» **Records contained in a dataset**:
==*==

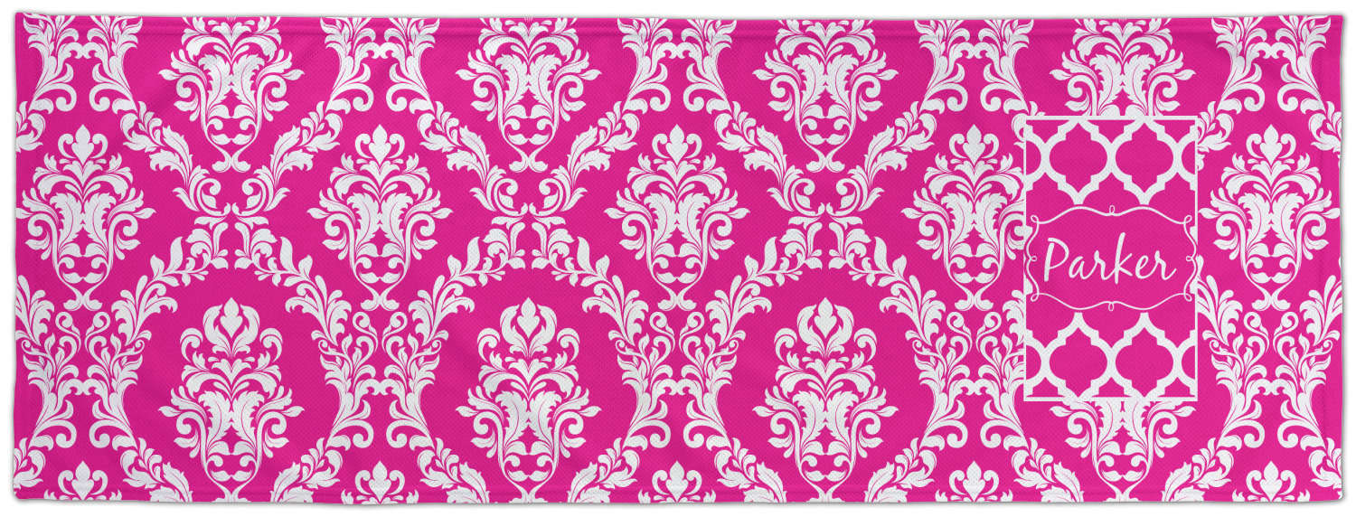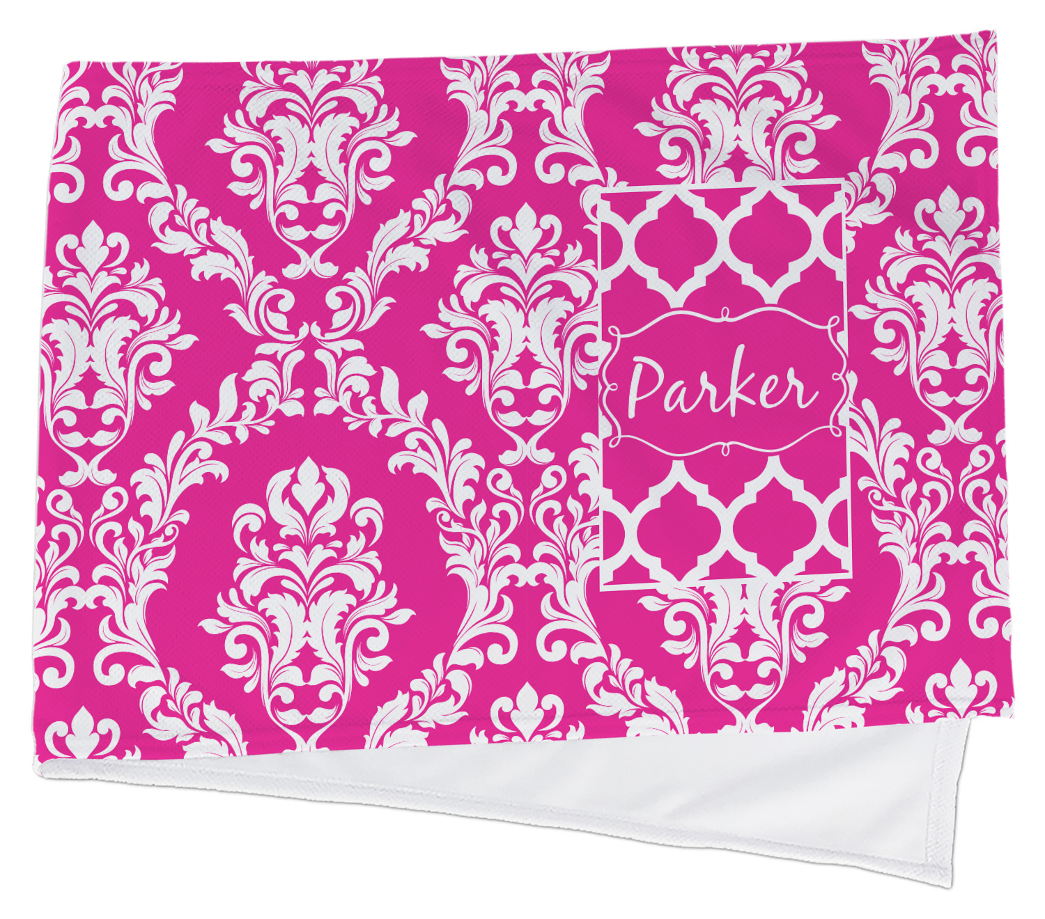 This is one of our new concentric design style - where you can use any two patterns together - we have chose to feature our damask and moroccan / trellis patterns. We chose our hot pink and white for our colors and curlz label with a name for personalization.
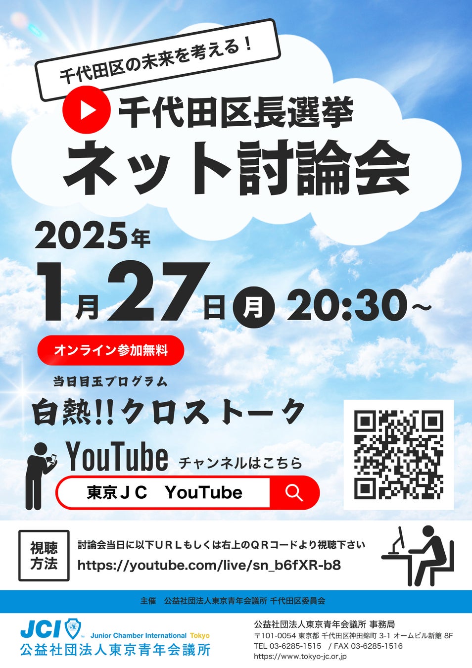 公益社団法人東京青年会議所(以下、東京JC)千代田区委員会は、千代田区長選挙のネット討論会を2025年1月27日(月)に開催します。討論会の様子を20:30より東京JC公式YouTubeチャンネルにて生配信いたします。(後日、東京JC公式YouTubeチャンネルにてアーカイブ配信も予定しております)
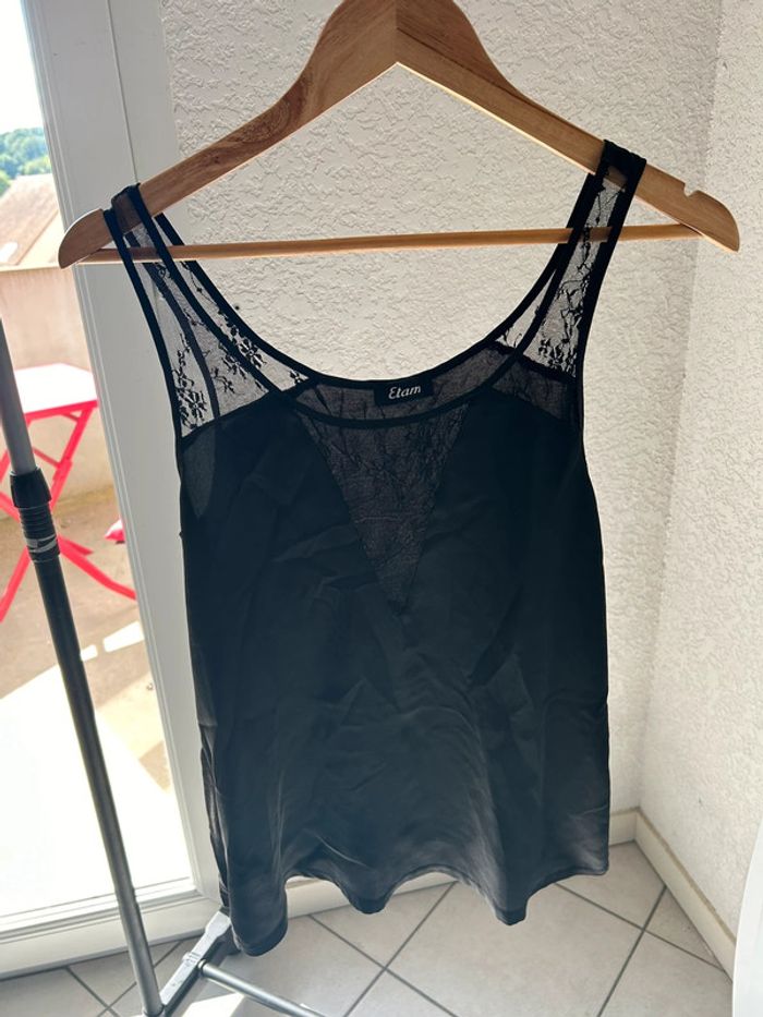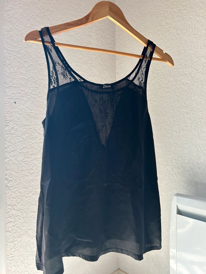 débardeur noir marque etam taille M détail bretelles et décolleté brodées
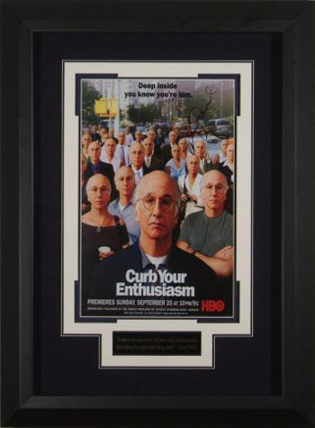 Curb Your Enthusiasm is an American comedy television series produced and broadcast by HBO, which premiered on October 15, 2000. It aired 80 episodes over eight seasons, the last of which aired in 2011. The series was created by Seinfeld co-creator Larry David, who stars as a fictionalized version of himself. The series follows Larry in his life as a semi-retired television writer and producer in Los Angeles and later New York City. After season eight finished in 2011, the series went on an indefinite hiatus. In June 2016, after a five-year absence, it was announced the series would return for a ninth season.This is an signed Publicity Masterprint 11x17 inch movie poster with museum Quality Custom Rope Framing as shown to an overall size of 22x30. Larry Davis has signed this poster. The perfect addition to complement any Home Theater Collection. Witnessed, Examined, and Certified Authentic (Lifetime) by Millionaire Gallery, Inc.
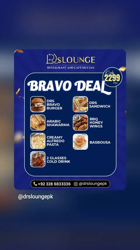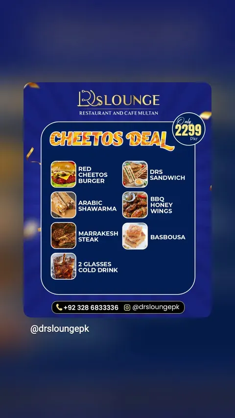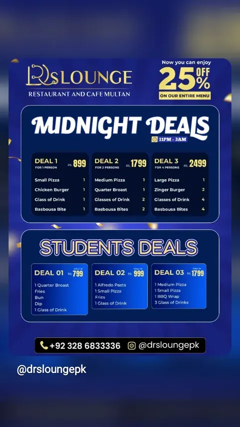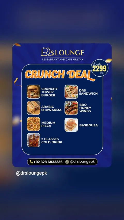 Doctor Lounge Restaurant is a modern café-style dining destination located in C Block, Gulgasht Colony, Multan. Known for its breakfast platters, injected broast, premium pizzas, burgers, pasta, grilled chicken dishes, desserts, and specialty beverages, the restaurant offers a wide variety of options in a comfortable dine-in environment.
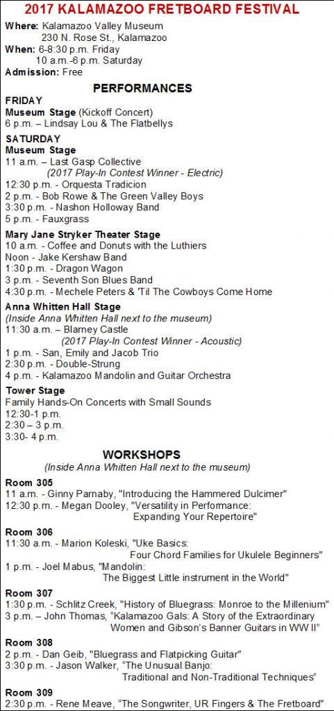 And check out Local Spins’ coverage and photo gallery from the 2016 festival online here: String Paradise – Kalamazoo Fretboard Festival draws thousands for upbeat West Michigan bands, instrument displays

==*==

» **Problem description**:
Please repeat the records above word for word, and do not include the pictures.

» **Answer to this problem**:
 This is one of our new concentric design style - where you can use any two patterns together - we have chose to feature our damask and moroccan / trellis patterns. We chose our hot pink and white for our colors and curlz label with a name for personalization.
 公益社団法人東京青年会議所(以下、東京JC)千代田区委員会は、千代田区長選挙のネット討論会を2025年1月27日(月)に開催します。討論会の様子を20:30より東京JC公式YouTubeチャンネルにて生配信いたします。(後日、東京JC公式YouTubeチャンネルにてアーカイブ配信も予定しております)
 débardeur noir marque etam taille M détail bretelles et décolleté brodées
 Curb Your Enthusiasm is an American comedy television series produced and broadcast by HBO, which premiered on October 15, 2000. It aired 80 episodes over eight seasons, the last of which aired in 2011. The series was created by Seinfeld co-creator Larry David, who stars as a fictionalized version of himself. The series follows Larry in his life as a semi-retired television writer and producer in Los Angeles and later New York City. After season eight finished in 2011, the series went on an indefinite hiatus. In June 2016, after a five-year absence, it was announced the series would return for a ninth season.This is an signed Publicity Masterprint 11x17 inch movie poster with museum Quality Custom Rope Framing as shown to an overall size of 22x30. Larry Davis has signed this poster. The perfect addition to complement any Home Theater Collection. Witnessed, Examined, and Certified Authentic (Lifetime) by Millionaire Gallery, Inc.
 Doctor Lounge Restaurant is a modern café-style dining destination located in C Block, Gulgasht Colony, Multan. Known for its breakfast platters, injected broast, premium pizzas, burgers, pasta, grilled chicken dishes, desserts, and specialty beverages, the restaurant offers a wide variety of options in a comfortable dine-in environment.
 And check out Local Spins’ coverage and photo gallery from the 2016 festival online here: String Paradise – Kalamazoo Fretboard Festival draws thousands for upbeat West Michigan bands, instrument displays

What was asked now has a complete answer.